» **WORK REQUEST**
From the data that follows, print exactly the lines starting at the one containing "Bezpieczne czarne oczka" and ending at the one containing "เจ้าแม่กวนอิม หลังภาษาจีน เนื้อดินเผาลงชาด"; include both of them and nothing more.

» **INFORMATION SHOWN**
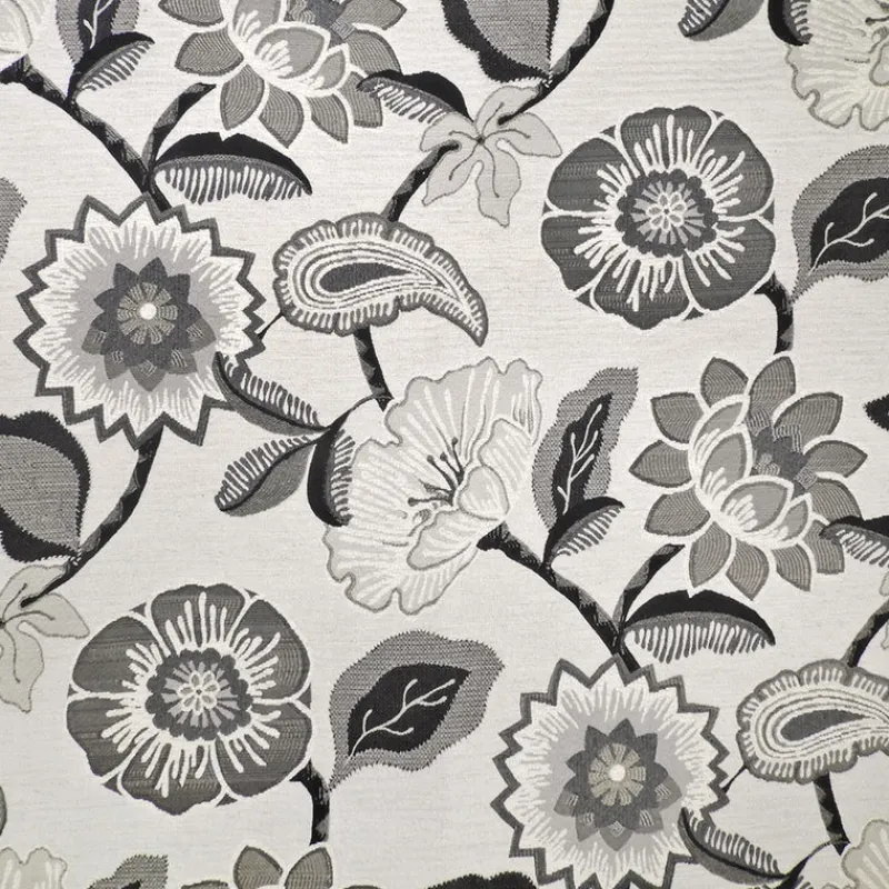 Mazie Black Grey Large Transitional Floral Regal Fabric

...

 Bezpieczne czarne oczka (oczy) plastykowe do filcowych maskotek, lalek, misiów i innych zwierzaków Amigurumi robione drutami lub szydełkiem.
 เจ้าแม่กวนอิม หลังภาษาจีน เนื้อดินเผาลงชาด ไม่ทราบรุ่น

» **REPLY**
 Bezpieczne czarne oczka (oczy) plastykowe do filcowych maskotek, lalek, misiów i innych zwierzaków Amigurumi robione drutami lub szydełkiem.
 เจ้าแม่กวนอิม หลังภาษาจีน เนื้อดินเผาลงชาด ไม่ทราบรุ่น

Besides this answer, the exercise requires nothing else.